霍远白有黑暗的幼年时期,是在霍家度过的,年幼时尚且天真。
小时候霍远白长得很漂亮,雪白的团子,眼睛乌黑发亮,五官柔和乖巧,身上穿的破破的,吃饭也只能跟着仆人吃。
从有记忆的三四岁开始,小霍远白开始自己吃饭,算着时间去吃,仆人知道主人家不喜欢他,只盛了饭放在桌子上,离得远远的。
小霍远白一开始连椅子都爬不上去。
后来他开始抱着椅子往上爬,小口小口的吃着,害怕碗打翻,自己的肚子会很疼。
莫暖性格各为怪异,有时候特地过来,看到小霍远白乖乖坐在角落的样子,眉间一蹙,“不让他吃了。”
小霍远白只能饿着上课,霍家再罚他,也不敢克扣学业,每个月回霍家主家时,老爷子会仔细检查,莫暖只能作罢,在生活中悄悄折腾他。
霍觅松不常回家,霍宅莫暖一手遮天,他的亲生母亲莫媛更是一心陪着霍觅松到处出差。
因为父母的忽视和厌恶,小霍远白渐渐明白了很多,为什么仆人的儿子一起欺负他的时候,莫暖会笑出声,为什么他生病晕倒,没有出现的时候,没有人提起他。
莫暖早就想杀他千万次。
小霍远白烧的迷糊,他昏昏沉沉的爬起来,才发现自己依旧待在房间里面,房门紧锁着,他推不开,嗓音抬高,他喊了很久,“救救我。”
“我发烧了,救救我。”
没有人理他,霍远白咣当一声倒在地上,他慢慢起来,撑着力气爬到窗边的桌子上,拿起纸笔,卷成一团,同时抬起自己桌子上的东西,往隔壁的别墅花园里面砸,老师教过的如何呼救。

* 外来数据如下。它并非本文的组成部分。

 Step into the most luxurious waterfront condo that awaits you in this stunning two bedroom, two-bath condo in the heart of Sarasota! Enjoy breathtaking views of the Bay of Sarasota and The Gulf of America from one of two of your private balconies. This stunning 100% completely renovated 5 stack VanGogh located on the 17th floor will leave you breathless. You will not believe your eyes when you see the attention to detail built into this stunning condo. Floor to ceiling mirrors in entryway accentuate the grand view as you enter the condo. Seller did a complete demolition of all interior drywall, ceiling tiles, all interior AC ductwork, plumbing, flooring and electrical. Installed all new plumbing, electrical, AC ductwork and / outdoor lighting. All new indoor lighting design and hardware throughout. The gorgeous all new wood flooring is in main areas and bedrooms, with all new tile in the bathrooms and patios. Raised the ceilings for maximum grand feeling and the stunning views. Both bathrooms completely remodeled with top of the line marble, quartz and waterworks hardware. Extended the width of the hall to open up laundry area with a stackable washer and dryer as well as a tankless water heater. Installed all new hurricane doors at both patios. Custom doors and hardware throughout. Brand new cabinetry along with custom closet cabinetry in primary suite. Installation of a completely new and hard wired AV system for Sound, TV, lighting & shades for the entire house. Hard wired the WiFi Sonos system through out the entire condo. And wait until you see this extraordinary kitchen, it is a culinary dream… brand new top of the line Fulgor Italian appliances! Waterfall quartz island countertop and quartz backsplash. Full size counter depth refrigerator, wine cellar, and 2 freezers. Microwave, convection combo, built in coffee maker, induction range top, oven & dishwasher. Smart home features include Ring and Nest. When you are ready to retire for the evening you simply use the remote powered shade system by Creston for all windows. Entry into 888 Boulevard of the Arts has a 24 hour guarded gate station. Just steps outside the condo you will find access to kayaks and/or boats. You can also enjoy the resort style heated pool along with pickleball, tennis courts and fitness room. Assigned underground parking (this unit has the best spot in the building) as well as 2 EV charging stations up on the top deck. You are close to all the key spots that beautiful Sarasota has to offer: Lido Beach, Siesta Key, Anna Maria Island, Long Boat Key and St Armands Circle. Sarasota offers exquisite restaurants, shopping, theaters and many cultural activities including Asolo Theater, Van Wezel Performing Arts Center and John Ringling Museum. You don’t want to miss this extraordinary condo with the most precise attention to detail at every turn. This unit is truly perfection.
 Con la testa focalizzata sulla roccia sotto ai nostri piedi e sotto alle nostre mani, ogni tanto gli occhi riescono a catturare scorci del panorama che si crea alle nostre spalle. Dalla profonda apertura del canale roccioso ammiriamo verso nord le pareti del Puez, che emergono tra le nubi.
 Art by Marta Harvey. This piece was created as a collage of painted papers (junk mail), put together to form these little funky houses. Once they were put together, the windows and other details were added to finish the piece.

花园里面有个小孩在玩,他记得,是祁家的儿子祁羽,在宴会上照过面。
[我发烧了,被困在房间里,可以帮帮我吗?—霍远白]
小祁羽捡起来,他抬头看,高高的房子里,有个人在挥着手,真的是霍远白。
小祁羽立刻去找祁夫人,他们一起上门拿着纸条解释,发觉霍家的仆人果真是太过刁蛮,完全不承认,只说是小孩子的恶作剧。

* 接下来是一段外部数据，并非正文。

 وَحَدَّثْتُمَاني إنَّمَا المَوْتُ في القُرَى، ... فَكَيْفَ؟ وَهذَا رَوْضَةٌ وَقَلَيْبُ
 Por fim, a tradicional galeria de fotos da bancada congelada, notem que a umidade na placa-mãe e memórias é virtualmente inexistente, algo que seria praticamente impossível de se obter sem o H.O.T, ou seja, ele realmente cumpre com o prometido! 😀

小祁羽摇摇头,“不会的,我看到人了,妈妈,他们在说谎。”
祁夫人回去重新带了人,强势的上门,如今莫暖不在家,出去喝茶聊天了,仆人阻挡不住,看着他们进了楼,踢开了门。
霍远白倒在屋内的地上,小脸烧的通红。
他被祁夫人满脸怒气的抱走了,祁羽跟在后面,霍家人的仆人神情一片惨淡,莫暖晚上回来听到这个消息,更是气的不行,“你们不会封窗吗?我养你们干什么吃的?”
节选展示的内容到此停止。